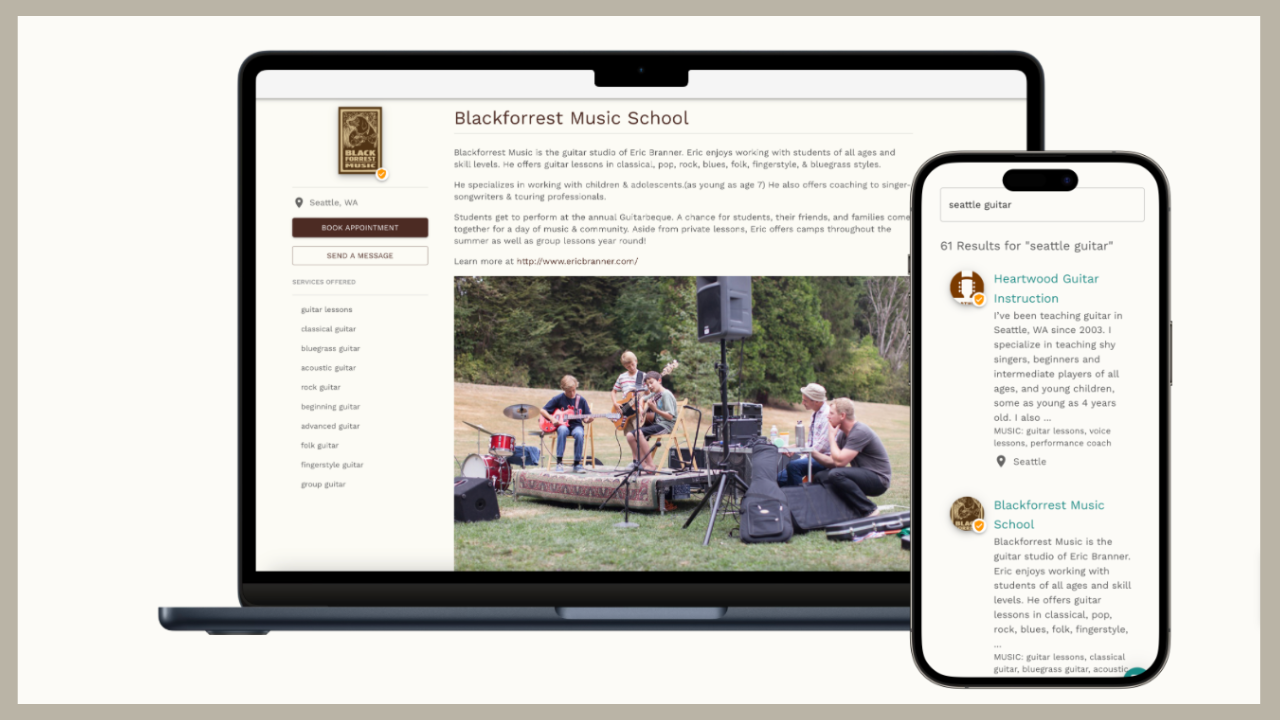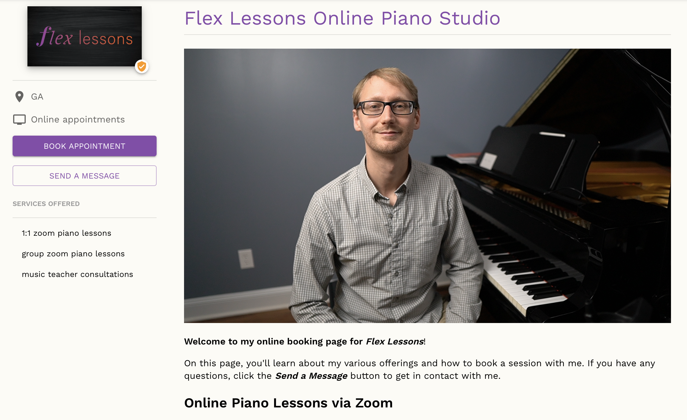 On my profile, for example, you’ll find all of the minimum setup requirements and booking instructions that one would need to be aware of when considering taking online piano lessons with me. If a person wants to learn more, I simply direct them to an information page my other website. This other page directs back to my Marketplace Profile as the main call to action.
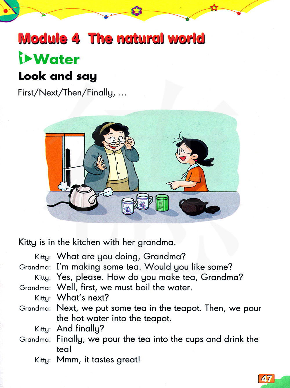 基蒂:是的,请。奶奶,你是怎么泡茶的? 奶奶:嗯,首先,我们必须把水烧开。
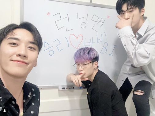 사진 속 승리와 바비와 비아이는 칠판에 글씨를 쓰고 장난스러운 포즈를 취했다.
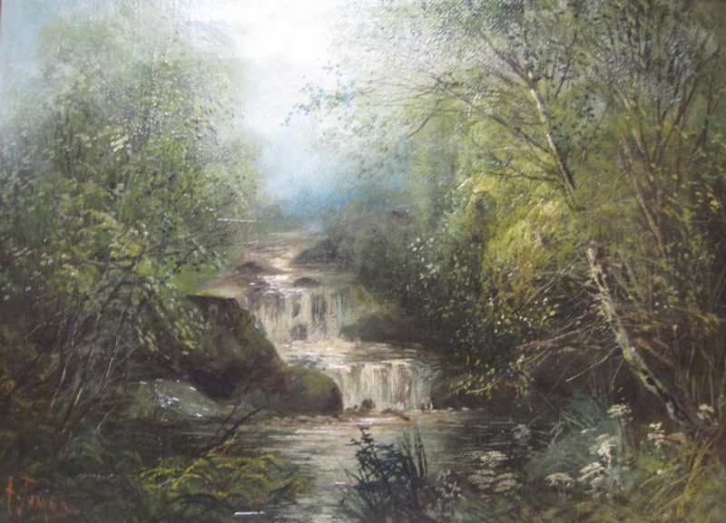 A wooded Landscape with waterfall
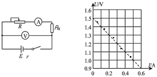 3、实验题 某同学按如图所示的电路测一节干电池的电动势E和内阻r,为防止调节滑动变阻器时由于电流过大而损坏仪器,电路中用了一个保护电阻R0。实验中除干电池、开关、导线外还有下列器材可供选用:
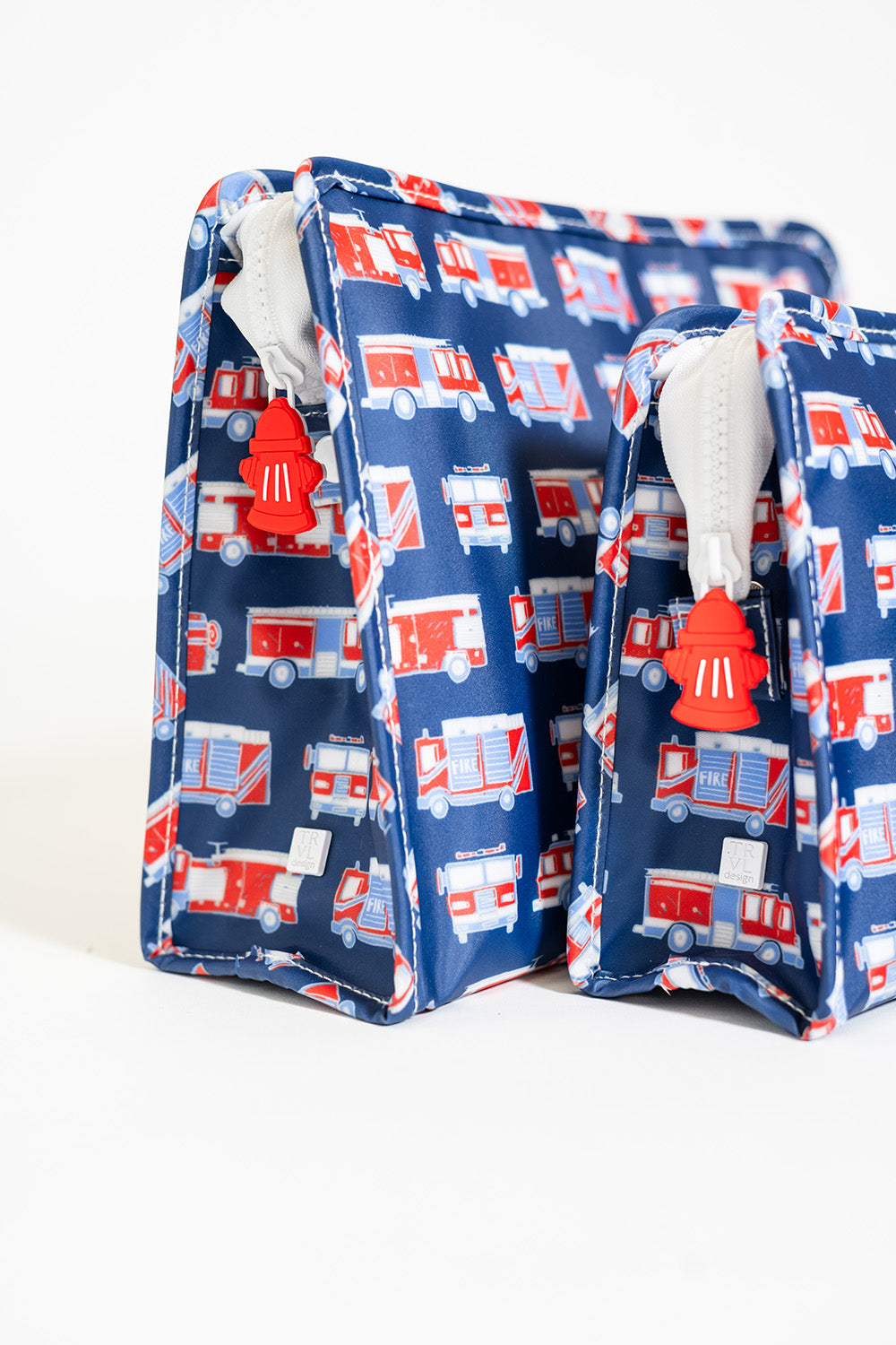 Our best-selling Roadies are our BFFs in the pouch world! Available in 3 sizes, our Large Roadie is made in a cotton gingham with a thin Eco-friendly matte coating, an inside slip pocket and exterior snap open zip tabs for a wider opening and an easier access.
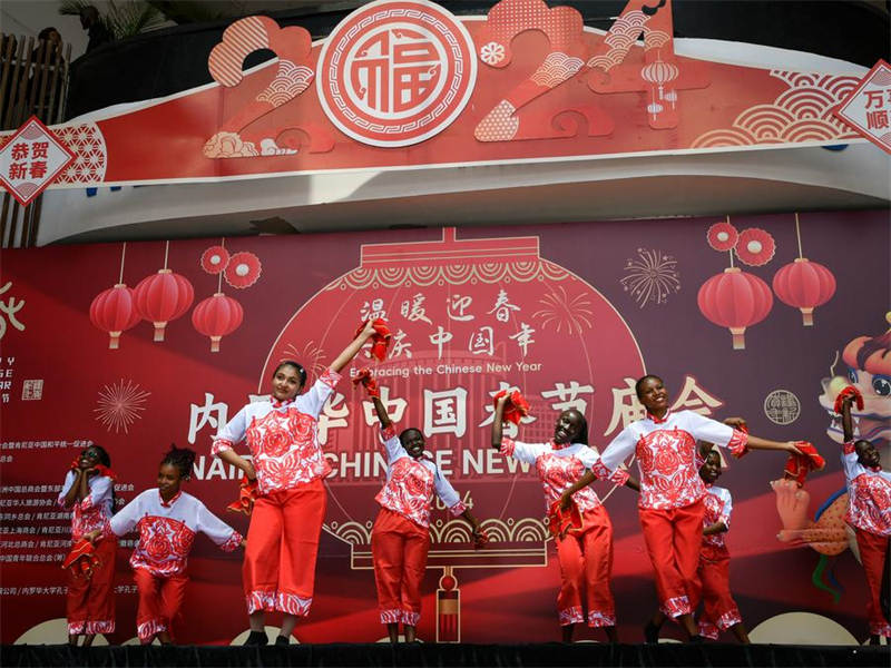 | Danse traditionnelle chinoise lors du gala du Nouvel An chinois à Nairobi, au Kenya, le 10 février 2024. (Xinhua/Han Xu) |
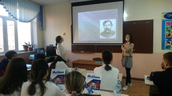 18 октября 2021 года прошел классный час в 10 Б классе по теме: «Празднование 180-летия великого просветителя Ыбырая Алтынсарина». Ибраева Аружан и Исаева Дильназ поделились информац…

### Your objective
Repeat each line of the material exactly, please, and skip every picture.

### Problem solution
 On my profile, for example, you’ll find all of the minimum setup requirements and booking instructions that one would need to be aware of when considering taking online piano lessons with me. If a person wants to learn more, I simply direct them to an information page my other website. This other page directs back to my Marketplace Profile as the main call to action.
 基蒂:是的,请。奶奶,你是怎么泡茶的? 奶奶:嗯,首先,我们必须把水烧开。
 사진 속 승리와 바비와 비아이는 칠판에 글씨를 쓰고 장난스러운 포즈를 취했다.
 A wooded Landscape with waterfall
 3、实验题 某同学按如图所示的电路测一节干电池的电动势E和内阻r,为防止调节滑动变阻器时由于电流过大而损坏仪器,电路中用了一个保护电阻R0。实验中除干电池、开关、导线外还有下列器材可供选用:
 Our best-selling Roadies are our BFFs in the pouch world! Available in 3 sizes, our Large Roadie is made in a cotton gingham with a thin Eco-friendly matte coating, an inside slip pocket and exterior snap open zip tabs for a wider opening and an easier access.
 | Danse traditionnelle chinoise lors du gala du Nouvel An chinois à Nairobi, au Kenya, le 10 février 2024. (Xinhua/Han Xu) |
 18 октября 2021 года прошел классный час в 10 Б классе по теме: «Празднование 180-летия великого просветителя Ыбырая Алтынсарина». Ибраева Аружан и Исаева Дильназ поделились информац…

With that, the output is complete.